III. Backdoor Hearsay

        In his first point, Wilson asserts that the trial court, over proper objection, allowed Detective Stanton to recount to the jury that Wilson’s statement concerning his role as a mere lookout did not match any other statements from any other witnesses.  Wilson contends the objected to testimony amounted to harmful, erroneous “backdoor” hearsay as to those other statements.

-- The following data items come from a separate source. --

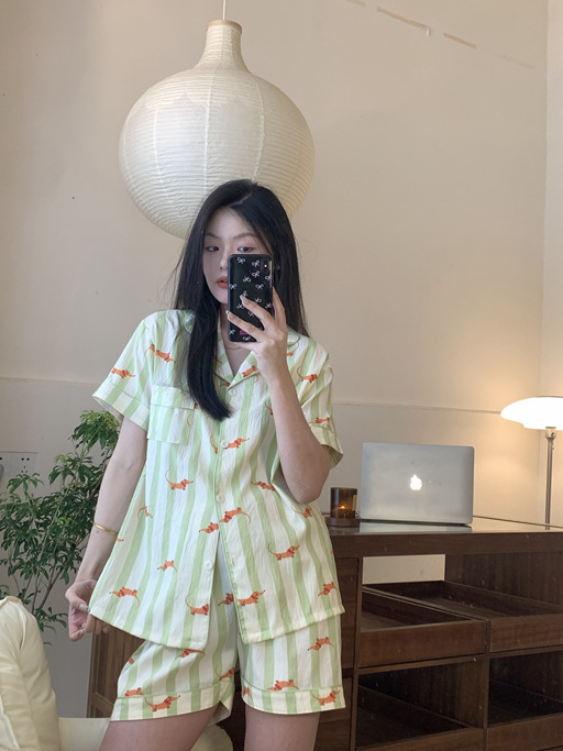 ins韓国フレッシュストライプパジャマレディース夏半袖ショーツスーツ大きいサイズクロスボーダーホーム服ハイエンド夏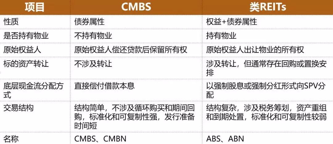 七、类REITs与CMBS的比较: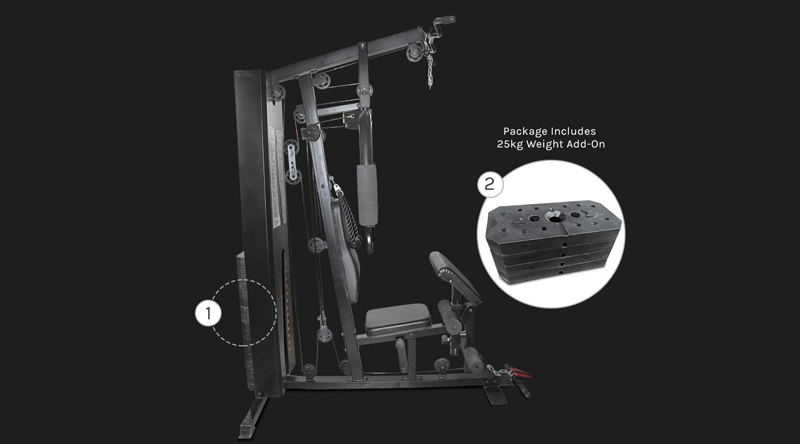 The ergonomic design ensures a comfortable and stable workout for all, with components that are flexible to your needs. Having an inclusive equipment means you can save space and time by not having to fuss over multiple machines and equipment. You can challenge yourself with a variety of workouts to engage your whole body from shoulders to calves and everything in between. This package includes an add-on 25kg weight stack which brings the total weight to a whopping 103kg. Every component is made to last with heavy duty cables, strong stitching and a high quality steel frame ensuring it can endure the toughest of workouts.

        During the guilt/innocence stage of the trial, Detective Stanton testified concerning a statement given by Wilson, part of which indicated that he was only a lookout during the robbery.  Detective Stanton was asked if any of the other witnesses in the case gave him a version of the events along those lines.  Following a hearsay objection, the prosecutor was instructed to rephrase the question.  The prosecutor then asked: “Have you heard this version of [Wilson’s] just being the lookout from anyone other than [Wilson]?”  Following another hearsay objection, the court overruled the objection and Detective Stanton testified that, “[t]hat was the first version I’d heard quite like that.”  Because there were six total employees in the restaurant at the time of the robbery, not all of whom testified at trial, Wilson asserts that this allowed the detective to testify what other individuals told him about the role Wilson played in the robbery, and was therefore hearsay.

        Turning to the Texas Rules of Evidence, hearsay for the purpose of this case is defined as an “oral or written verbal expression,” other than one made by Detective Stanton while testifying, offered into evidence to prove the truth of the assertion that Wilson was not a mere lookout during the robbery. Tex. R. Evid. 801(a), (d).  Such statements are, of course, inadmissible absent an exception to the hearsay rule.  Tex. R. Evid. 802.  Sometimes when hearsay is not allowed entry in the front door of the courtroom, a rear door entry is attempted.  “Backdoor” hearsay is testimony which infers or indirectly details to the jury what someone else said without repeating the words directly.  For example, in Schaffer v. State, Schaffer claimed to have been acting as a police informer for an officer named Jimmy Seals.  777 S.W.2d 111, 113-14 (Tex. Crim. App. 1989).  A narcotics officer had spoken to Jimmy Seals about Schaffer’s testimony and, upon questioning, indicated that he would not ask the State to drop the charges against Schaffer based on his conversation with Seals.  Id.  In response to a hearsay objection, the State argued that no statement made by Seals had been received into evidence and therefore, there was no hearsay problem.  The Court of Criminal Appeals disagreed, concluding that the State was, in essence, attempting to do “indirectly what it could not do directly.”  Id. at 113-14.  The court stated:

[W]here there is an inescapable conclusion that a piece of evidence is being offered to prove statements made outside the courtroom, a party may not circumvent the hearsay prohibition through artful questioning designed to elicit hearsay indirectly.  In short, ‘statement’ as defined in [Rule 801(a)] necessarily includes proof of the statement whether the proof is direct or indirect.

 
 

Id. at 114.  The court then went on to find that the sole intent of the narcotics investigator’s testimony was to convey to the jury what Seals had told him, that is, Schaffer was not an informant, and the investigator’s answer was hearsay although he did not directly quote Seals’ out-of-court statement.  Id.

        Here, the State attempts to argue that the testimony concerning Detective Stanton’s conversations with other witnesses did not lead to an inescapable conclusion about the substance of those statements. That dog won’t hunt.2  The testimony of Detective Stanton is clearly synonymous with testimony that statements of the other witnesses to the robbery were that Wilson was not a mere lookout, but was in fact a participant, as in fact those other witnesses who were called to testify, did so testify.  We hold that the statement was indirect hearsay and was erroneously admitted into evidence.